Patrick Willmann (Bereichsleitung Kurgärtnerei), Klaus Lang (Referent für kurörtliche Entwicklung), Markus Spettel (Geschäftsführer Kur und Bäder GmbH), Michael Hauser (Bad Dürrheim), Sarah Hildebrand (Referentin für Nachhaltigkeit) beim Start der Messaktion in der Stadt. Foto: Kur und Bäder

Bad Dürrheim ist als Soleheilbad, Heilklimatischer Kurort und Kneippkurort als einziger Kurort in Baden-Württemberg dreifach prädikatisiert. Für den Erhalt muss sich der Ort einer regelmäßigen Prüfung der Luftqualität unterziehen.

Für den Erhalt seiner Prädikate muss sich der Ort einer regelmäßigen Prüfung der Luftqualität unterziehen bei der die lufthygienischen Verhältnisse gemessen und bewertet werden.

Insbesondere das Prädikat des Heilklimatischen Kurortes bedarf einer besonders guten, staubarmen und schadstoffarmen Luftqualität. Die Prädikatisierung richtet sich nach den Vorgaben des Kurortegesetz von Baden-Württemberg sowie den Bestimmungen des Deutschen Heilbäder- und Tourismusverbandes. Diese sollen gewährleisten, dass Kur- und Gesundheitsgäste in Heilklimatischen Kurorten bioklimatische und lufthygienische Bedingungen vorfinden, die der Erholung und Gesundheit förderlich sind.

Gute Prognosen

Die Prognosen für ein positives Messergebnis stehen sehr gut, Bad Dürrheim ist in einer hervorragenden geologischen Lage. Die Muldenbildung der Baar zwischen Schwarzwald und Schwäbischer Alb, der ständige Zustrom von frischer, sauerstoffreicher und vor allem vorgefilterter, staubarmer Atemluft durch den westlich gelegenen Schwarzwald, keine hohen umliegenden Berge und das Fehlen von luftverschmutzenden Industrieanlagen begünstigen das gesunde Heilklima in Bad Dürrheim, teilt die Kur und Bäder GmbH mit.

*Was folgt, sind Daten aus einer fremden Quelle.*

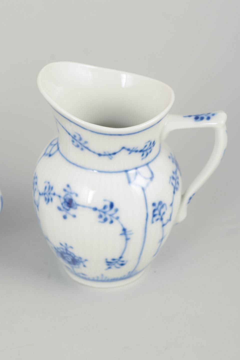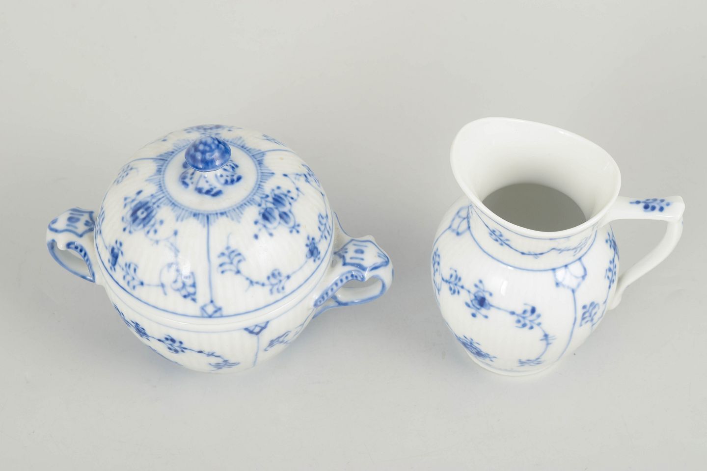 Håndmalet sukkerskål med låg og tilhørende flødekande i porcelæn dekoreret med det klassiske musselmalede riflet mønster i blå underglasur. Sukkerskålen har rund korpus med to svungne hanke og kuppelformet låg med knop, mens flødekanden har elegant svungen form med tud og hank. Begge dele er fabriksstemplet Royal Copenhagen, første sortering. Flødekande model 1/60 og sukkerskål model 1/428.

Zur Feststellung der Luftqualität sind alle zehn Jahre Messungen durchzuführen, bei denen die Grob- und Feinstaub- sowie die Stickstoffdioxidkonzentration der Luft bestimmt werden. Diese obligatorische Messung wird ab November 2023 vom Deutschen Wetterdienst (DWD) durchgeführt. Hierfür wird ein Jahr lang an zwei Messstandorten die Luftqualität gemessen.

Mehrere Messpunkte

Im Kurpark, nahe dem Klimapavillon werden Grobstaub und Stickstoffdioxid gemessen, im Kurortzentrum an der Kreuzung Luisenstraße, Bahnhofstraße wird darüber hinaus noch zusätzlich die Feinstaubkonzentration ermittelt. Bereits während der Messkampagne können vorliegende Messdaten im Internet auf der Seite des DWD abgerufen werden.

Abschließende Ergebnisse liegen nach Ende der einjährigen Messkampagne in 2024 vor und werden über ein Luftqualitäts- und Bioklimagutachten des Deutschen Wetterdienstes veröffentlicht. Die Messdaten werden durch wöchentlich neu eingebrachte Filter erhoben, die ebenso am selben Wochentag an den DWD Freiburg zur Auswertung und Analyse gesendet werden.

Abgelesen werden diese Daten durch Michael Hauser, Stadt Bad Dürrheim und Patrick Willmann, Kur und Bäder GmbH. Verantwortlich für die Messung ist die Kur und Bäder über Klaus Lang, Referent für Kurortentwicklung und Prädikatisierung.